Sang ayah yang sudah tua itu menjawab, “Tanyakan saja kepadanya, ya Rasulullah. Bukankah saya menafkahkan uang itu untuk beberapa orang ammati(saudara ayahnya) atau khalati (saudara ibu)-nya, dan untuk keperluan saya sendiri?”
Rasulullah bersabda lagi, “Lupakanlah hal itu. Sekarang ceritakanlah kepadaku apa yang engkau katakan di dalam hatimu dan tak pernah didengar oleh telingamu.”
Maka wajah keriput lelaki tua itu pun menjadi cerah dan tampak bahagia. Dia berkata, “Demi Allah, ya Rasulullah, dengan ini Allah SWT berkenan menambah kuat keimananku dengan kerasulanmu.
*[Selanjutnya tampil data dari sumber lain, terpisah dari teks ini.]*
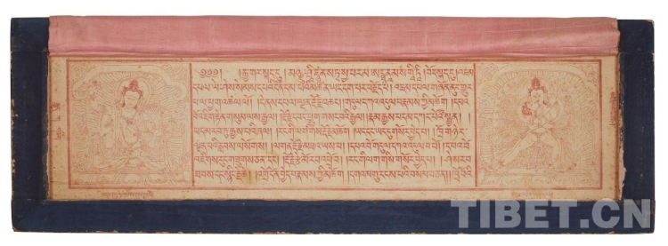 推崇藏傳佛教是清政府治理蒙藏地區(qū)的政治需要,同時(shí)也促進(jìn)了各民族文化的交流與交融?!洞蟛亟?jīng)?甘珠爾》該版藏經(jīng)系清王室官刻本,纂輯、刻印都是由官方主持。刻造、裝幀頗為精良,版型較一般藏文經(jīng)大,每夾扉畫均為手工繪制,筆觸細(xì)膩,設(shè)色鮮麗,大多出自藏族畫家手筆,為佛教文化研究不可缺的資料??滴醯蹫榇擞H撰《御制番藏經(jīng)序》,序文稱,刊印本藏是為“廣崇大藏”。

Memang saya pernah menangisi nasib malangku dan kedua telingaku tak pernah mendengarnya.”
Rasulullah mendesak, “Katakanlah, aku ingin mendengarnya.”
Orang tua itu berkata dengan air mata yang berlinang. “Saya mengatakan kepadanya kata-kata ini, 'Aku mengasuhmu sejak bayi dan memeliharamu waktu muda. Semua hasil jerih-payahku kau minum dan kau reguk puas. Bila kau sakit di malam hari, hatiku gundah dan gelisah. Lantaran sakit dan deritamu, aku tak bisa tidur dan resah, bagai akulah yang sakit, bukan kau yang menderita.”
“Lalu air mataku berlinang-linang dan mengucur deras. Hatiku takut engkau disambar maut, padahal aku tahu ajal pasti datang. Setelah engkau dewasa, dan mencapai apa yang kau cita-citakan, kau balas aku dengan kekerasan, kekasaran dan kekejaman, seolah kaulah pemberi kenikmatan dan keutamaan.”
“Sayang, kau tak mampu penuhi hak ayahmu, kau perlakukan aku seperti tetangga jauhmu. Engkau selalu menyalahkan dan membentakku, seolah-olah kebenaran selalu menempel di dirimu. Seakan-akan kesejukan bagi orang-orang yang benar sudah dipasrahkan.”
Selanjutnya Jabir berkata, “Pada saat itu Nabi langsung memegangi ujung baju pada leher anak itu, seraya berkata, ‘Engkau dan hartamu milik ayahmu!”
Dari kisah ini, kita bisa mengambil pelajaran bahwa ketika sudah besar, sebagai anak kadang kita lupa kepada orang tua yang telah berjuang mencari nafkah untuk kita. Ayah kita memberikan segala apa yang dimilikinya tanpa pernah meminta kembali.
Sedangkan kita, ketika akan memberikan sesuatu untuk ayah dan ibu, begitu banyak pertimbangan. Tak jarang, kita mencari dan membuat berbagai alasan agar kepunyaan yang dimiliki tidak berpindah kepada orang tua kita.
Dalam kesempatan ini, marilah kita terus mencintai dan menyayangi keduanya, sebelum mereka pergi meninggalkan kita untuk selamanya.